The Ship of the Dead

Page 19

“What’s Mallory’s history with Loki?” I asked. “She seems…”

I wasn’t sure which word to use: Worried? Resentful? Homicidal?

Halfborn knotted his shoulders, making the serpent tattoos undulate across his back. He glanced at the top of the mast, as if considering more curse words at Mallory’s expense. “Not my place to say. But being baited into doing something you later regret…Mallory knows about that. It’s how she died.”

I thought back to my first days in Valhalla, when Halfborn had teased Mallory for trying to disarm a car bomb with her face. Her death must have had more to it. She’d been brave enough to attract the attention of a Valkyrie.

“Magnus, you’ve got to understand,” Halfborn said, “we’re both heading toward the places where we died.
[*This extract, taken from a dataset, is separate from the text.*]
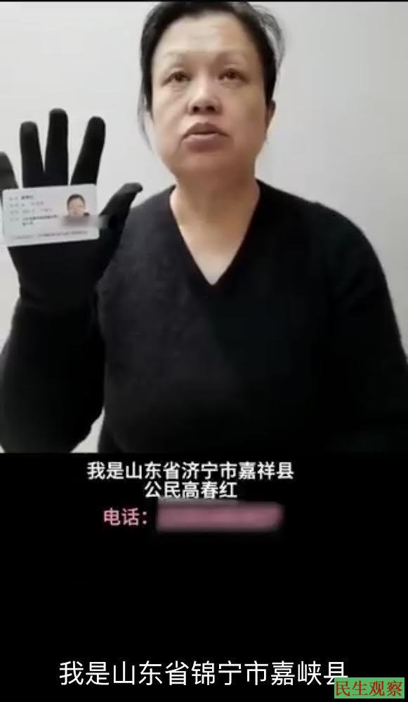 据高春红发出的一段视频显示,高春红,山东省济宁市嘉祥县公民。现实名举报山东省济宁市嘉祥县公安局刑侦大队长张克霞、锦宁市公安局经开区分局一派出所所长张峰,二人以刑事处罚相威胁,对其敲诈勒索600万元。

It may be different for you. You died in Boston, stayed in Boston. You haven’t been dead long enough to see the world change around you. But for us? Mallory’s got no wish to see Ireland again, even if we just sail past its shores. And me…I never wanted to return to Jorvik.”

I felt a pang of guilt. “Man, I’m sorry. Is that where you died?”

“Eh. Not the exact spot, but close. I helped conquer the city with Ivar the Boneless. It served as our base camp. Not much of a town, back in the day. I just hope they don’t still have vatnavaettir in the river.” He shuddered. “Bad.”

I had no idea what vatnavaettir were, but if Halfborn Gunderson considered them bad, I did not want to meet them.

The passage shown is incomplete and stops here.